Commerce and Tax clauses are the ways the feds can directly regulate the states, but there are indirect ways also.  The reason there used to be a nationwide 55 speed limit is because feds threatened to withhold highway funds for any state that does not enact a 55 speed limit.  Sanctuary cities/states may soon see their fed funding dry up and may have to comply with federal immigration law, no commerce clause or tax clause stick required.

Maybe new funding can be made conditional, but this would have to go through Congress as well. I foresee a constitutional challenge if it comes down to this. Retroactively making grants conditional without the involvement of Congress is not likely to go anywhere.

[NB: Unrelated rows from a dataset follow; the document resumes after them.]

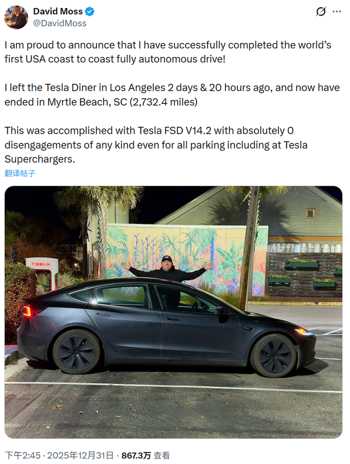 财联社1月1日讯(编辑 史正丞)在2025年的结尾,特斯拉车主大卫·摩斯(David Moss)实现了一项颇具时代特色的挑战:坐在他的Model 3里,静静地看着汽车自己从美国的西海岸开到东海岸,全程不进行任何干预。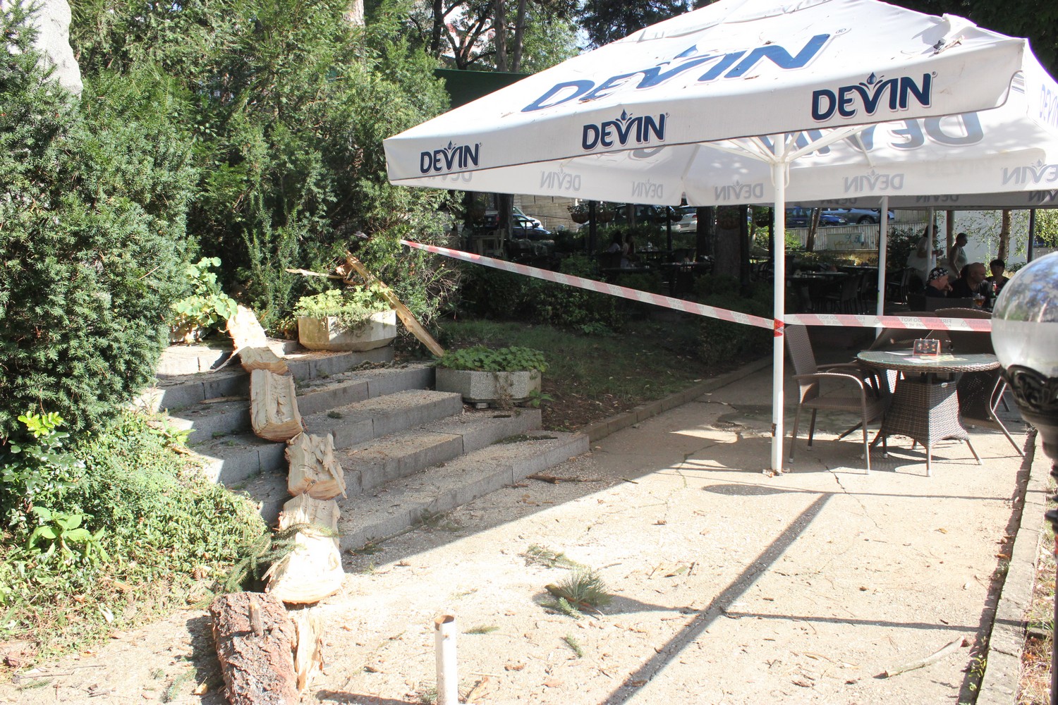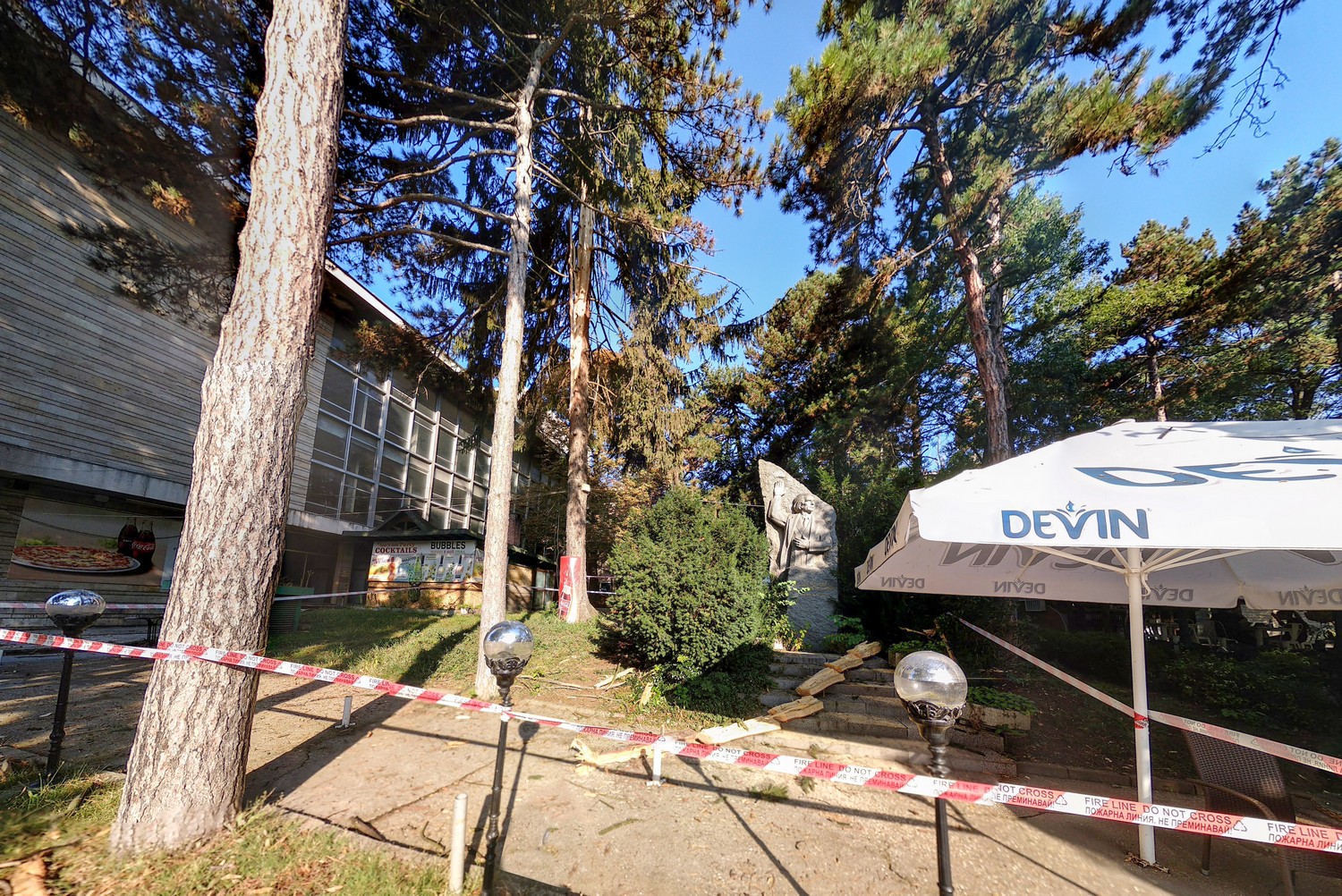 Част от разцепено от мълния дърво се стовари в непосредствена близост до клиенти на заведение в градинката на великотърновския театър. При инцидента няма пострадали. За щастие в лошото време на детската площадка, точно под огромните борове, не са играели деца.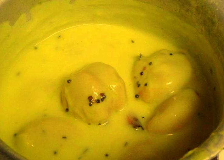 Gram flour Dumplings simmered in Gram flour, yogurt &Spices Mixture.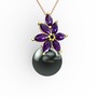 Siyah inci ve ametist 18 ayar altın kolye (40 cm rose altın rolo zincir)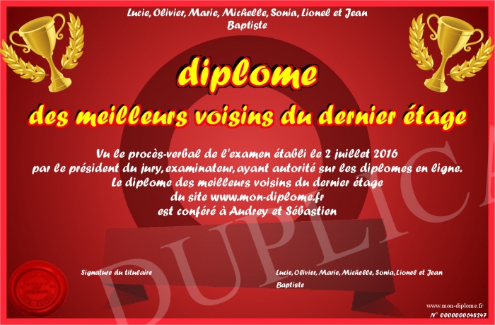 Envoyez par email votre diplôme des meilleurs voisins du dernier étage personalisé

Rather than complying with the request to have city policy act as federal agents that enforce federal immigration law, these cities will spend their energy challenging any commandeering of funds in court.
 
Perspective said:
Um, that's a bit over-simplistic. A strict Constitutionalist should argue the 10th Amendment reserves for the states, the right to decide what substances are legal to ingest. Many states have decided for themselves.
What's ideal does not represent actual reality.  States don't have as many rights as they should have.

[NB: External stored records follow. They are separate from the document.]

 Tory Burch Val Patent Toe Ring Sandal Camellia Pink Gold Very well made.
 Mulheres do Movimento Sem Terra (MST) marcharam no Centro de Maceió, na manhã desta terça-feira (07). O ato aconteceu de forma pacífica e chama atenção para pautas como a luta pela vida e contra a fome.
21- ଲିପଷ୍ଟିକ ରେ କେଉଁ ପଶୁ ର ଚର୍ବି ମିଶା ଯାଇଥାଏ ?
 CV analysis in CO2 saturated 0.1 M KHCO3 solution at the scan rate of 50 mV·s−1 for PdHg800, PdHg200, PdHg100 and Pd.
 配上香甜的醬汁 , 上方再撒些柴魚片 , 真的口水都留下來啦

Federal law makes it illegal.  Good luck fighting that in court.  IMO, the only way that it changes is with congress.

But like I said...  I'm glad to see others finally start caring about state rights. 
 
peppy said:
And you know it's just as much about bathrooms as it was about water fountains in a different "social engineering" experiment.
Sorry, but you know you are being dishonest when you say this.  You know that there's more to it. 
 
This is getting way off topic but the weed biz will never come into its own until the feds legalize it.  For now no matter what a state says no bank or financial institution will touch these places.  No payroll, no tax withholding no line of credit.  No federally backed bank will open an account for them.  That is why it is mainly a cash on cash business with tons of armed guards and cameras.  These places get knocked over daily, it is not a safe business to own.  The Fed still holds all the cards so if you really want it to grow then work for legalization on the federal level...otherwise its the law of the land and the law says its illegal.
 
Trump first thing was to denounce hate and all the crimes associated with it. So there you go.